The bill for negotiations with state officials has more than doubled

Beautiful truth from La Palice. Prime Minister François Legault announces that his government will have to revise the deficit upwards in the next budget.

• Also read: It is expensive to put an end to the union follies of the past

• Also read: The deficits are not the teachers' fault

It was actually in the air that Treasury Secretary Eric Girard would have to present us with a next budget that was significantly more in the red than what he had forecast as a deficit for the 2024-25 fiscal year in the economic update last November.

Why? Simply because of the huge gap between the cost of salary increases granted to public and parastatal workers and the original forecast.

In its 2023-24 budget presented a year ago, the Legault government included in its budget projections a total of $4.6 billion to cover salary increases to be given to public servants over five years.

These increases of 11.5% over five years included salary parameters of 9% as well as targeted increases of 2.5% based on government priorities.

Last December, the Legault government returned with a new global offer that it valued at $9 billion, with salary parameters rising to 12.7% over five years, plus a targeted 4% increase.

And at the end of negotiations last January, Quebec reached an agreement in principle that ultimately saw salary parameters increase to 17.4% over five years.
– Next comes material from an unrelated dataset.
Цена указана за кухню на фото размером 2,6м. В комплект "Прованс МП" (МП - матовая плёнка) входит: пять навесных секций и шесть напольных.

Assuming the targeted 4% increases remain on the table, that suggests the final bill for negotiations with state officials would be $11.6 billion.
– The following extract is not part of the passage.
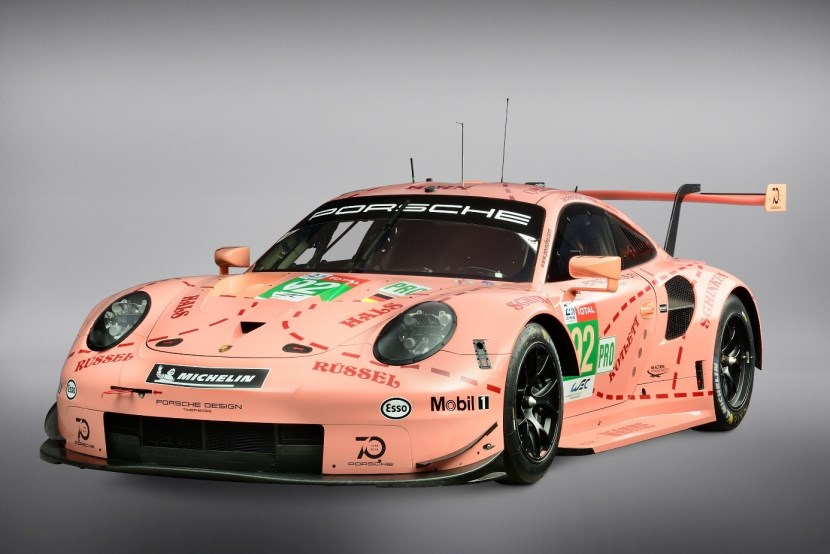 毫無疑問,這是一款現(xiàn)代化的賽車——911 RSR(991),其出征了 2018 年的勒芒 24 小時(shí)耐力賽 GTE-Pro 組別的角逐。最終這臺身披“粉豬”涂裝的 92 號 911 RSR 賽車在與法拉利、寶馬、福特、克爾維特、阿斯頓·馬丁五大制造商車隊(duì)的同場競技中斬獲組別冠軍。更值得一提的是,雖然未出現(xiàn)在展臺,但身披樂富門涂裝的 91 號911 RSR賽車斬獲亞軍,包攬組別前兩名。這款“粉豬”涂裝的 92 號 911 RSR 賽車不由令人想起保時(shí)捷 917/20 賽車征戰(zhàn) 1971 年勒芒比賽時(shí)的情景。車身圖案為粉色豬肉切割圖的樣式,這一由保時(shí)捷設(shè)計(jì)師 Anatole Lapine 提出的設(shè)計(jì)理念在當(dāng)年的法國薩爾特省引起轟動(dòng)。時(shí)至今日,被稱做“松露獵人”的保時(shí)捷 917/20 賽車仍是最著名的保時(shí)捷賽車之一。

We are talking about a bill that is 2.5 times higher than the $4.6 billion that Treasury Secretary Eric Girard had budgeted in March 2023 to cover the pay increases that the government would give to public and public sector workers' unions parastatal sector.
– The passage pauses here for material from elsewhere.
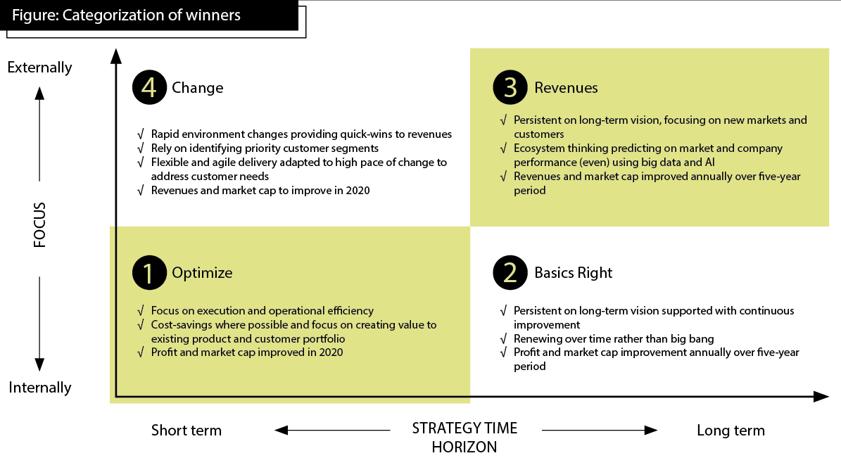 Our analysis shows that winners can be categorized in four groups depending on company’s focus and time horizon of strategic actions (see Figure).
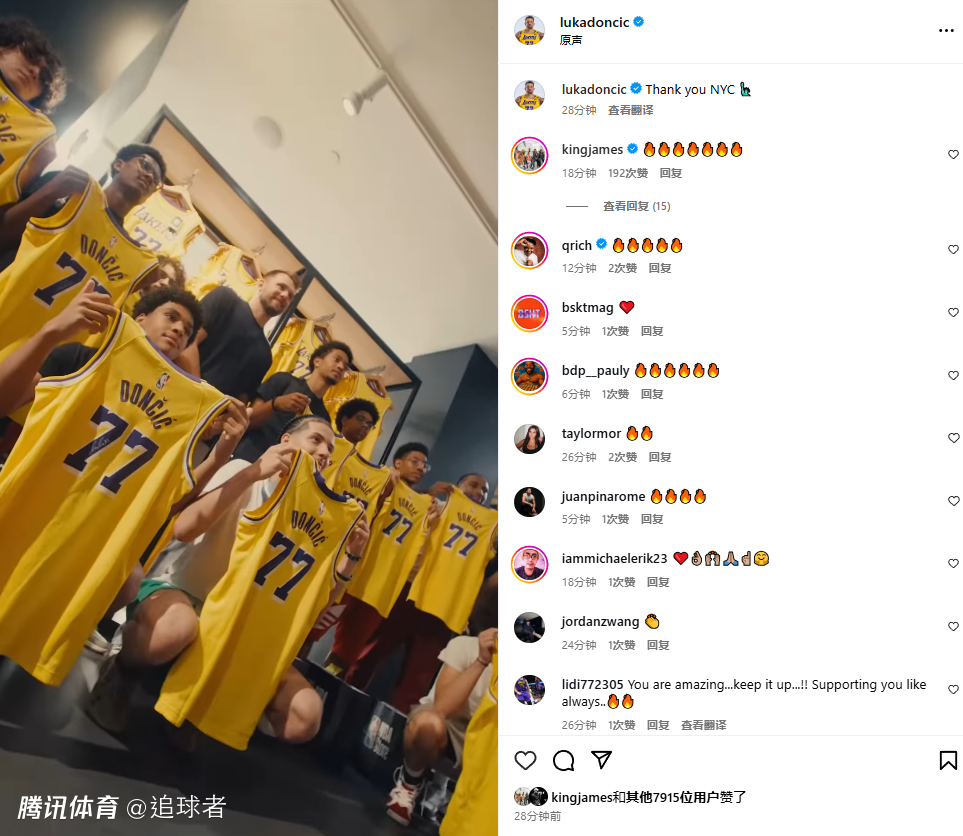 2025-08-01 11:50北京时间8月1日,湖人核心球星卢卡-东契奇更新社交媒体,晒96小时纽约行的精彩时刻,配文写道:谢谢你,纽约;詹姆斯点赞并且直言太火了。

So that means the government now faces an additional $7 billion over five years to cover civil servant salaries compared to its March 2023 budget projections.

  • Listen to the economy part with Michel Girard above QUB :

Deficits

The finance minister had planned to close the next budget in 2024-25 with an activity-based deficit of $678 million. And if we take into account the payment of revenue for the Generation Fund, the “budget balance as defined by the Balanced Budget Act” for the next fiscal year 2024-25 would turn into a $3 billion hole.

Given the Prime Minister's message, we should expect the said business-related deficit (revenue less portfolio expenses and debt burdens) to rise significantly.

And the return to a balanced budget planned for the 2027/28 financial year would be postponed.

  • Listen to the economy part with Michel Girard above QUB :

NO BUDGET CUTS

Given the Legault government's sharp decline in popularity, it is no surprise that the prime minister is abandoning the implementation of fiscal austerity measures.

A return to a balanced budget is all well and good, but not at the price of losing his chances of re-election, he has to tell himself.

Didn't his predecessor Philippe Couillard lose his elections after masterfully restoring the state's finances with a series of austerity measures? Which ultimately obviously displeased a large part of the electorate.

However, we will now have to wait for the 2026-27 budget for the Legault government to once again become “generous” to taxpayers by giving them a new series of tax giveaways.

Why will he wait until Budget 2026-27? Because elections will take place in autumn 2026!